O’Connor’s first policy is to re-vamp Freshers’ week, to create a better experience for St Andrews students. She wants to “provide more diversified acts,” such as comedy, dance shows and theatre instead of just DJ and live shows. She also promotes contacting affiliated groups ahead of time to utilise them and plan the overall timeline of Freshers more efficiently. Freshers’ is a typical starting point (current DoES Chris Macrae ran the same point in his campaign last year, though O’Connor offers a more detailed plan than her predecessor) but the reality of her goal here seems a little unlikely purely on the basis of St Andrews inaccessibility: the difficulty of getting here may be a discouraging factor for many performers. However, overall her ideas of diversifying acts and her emphasis on advanced booking and organisation seem plausible and sound.

Bigger Venues, Better Spaces

O’Connor wants to utilise more university spaces for events, such as Younger Hall and The Byre, which both have greater capacities. This would free up Union space for more student events throughout the year. It is possible that O’Connor has not considered the potential of increased ticket prices if an event is staged on university property, and perhaps even that the University might reject this proposal when concerning evening/night events on account of the risk of property damage. In this case, high attendance would be important to continue this usage, and high ticket prices for a basic event may not be seen as worth it. O’Connor also addresses Saturday nights at the Union, suggesting greater society involvement and collaboration to provide a more interesting experience, such as themed events. This seems to be a good idea: generally themed events such as Disney Bop at the Union are popular, and a wider variety of interesting themes might attract more students more regularly.

A Better Night Out

Though phrased differently, O’Connor essentially is advocating cheaper, larger drinks at the Union and affiliated bars: much like all her predecessors over the last few years. The suggestion of drink promotions (72 hour) would probably be successful, and this combined with her proposal of the usage of larger vessels such as fishbowls or pitchers to carry these drinks does appear to be popular. The willingness of the Union staff to cooperate with these proposals remains to be seen: in her manifesto O’Connor does not indicate any familiarity with the staff and this would probably be important in negotiating these deals. O’Connor supports better publicisation for student and commercial events: while not unique, this does have merit and the utilisation of the Design Team and more marketing spaces would probably improve awareness.
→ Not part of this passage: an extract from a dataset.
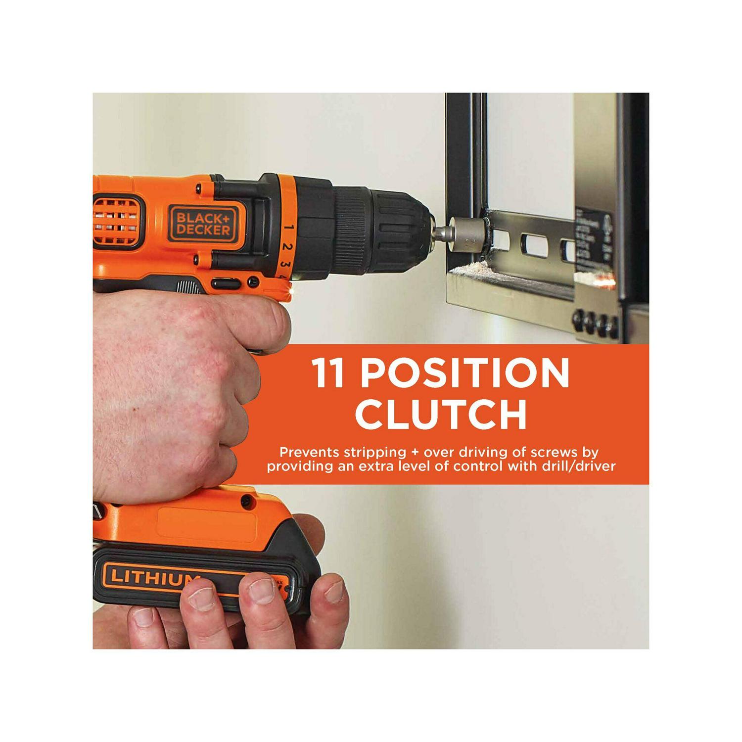 – 11 position clutch provides precise control for drilling into wood, metal, plastic, and all screwdriving tasks

Support for Societies and Subcommittees

O’Connor reaches out to the societies in this policy: she emphasises the importance of building a strong relationship with societies and ensuring the availability of the Union for these societies, no matter how unconventional. This could be considered an important point for this year’s campaign: with recent developments of RockSoc’s difficulties in booking the Union for their own events, and also issues with Wiley’s performance during Refreshers Week, the usage of the Union and treatment of societies in conjunction with it has been called into question, and so it is important that the new DoES provides a reliable, trustworthy contact for those societies. O’Connor also espouses a stronger relationship with the Athletic Union outside of sports teams at Sinners. It’s unclear how exactly she would achieve this, or whether it’s even necessary: the weekly Sinners nights are always highly popular.

The Saint’s Assessment: 

Overall, O’Connor presents some interesting ideas with a fresh outlook on them: the idea of drinks in different vessels and variation in venues seem innovative. Her strong stance on more efficient organisation, cooperation and a closer relationship with all societies seems positive, and encouraging considering recent problems with societies and events. However, rather than just suggesting solutions, O’Connor should also explain what she herself is bringing to the table, and demonstrate personal involvement and experience in achieving her goals.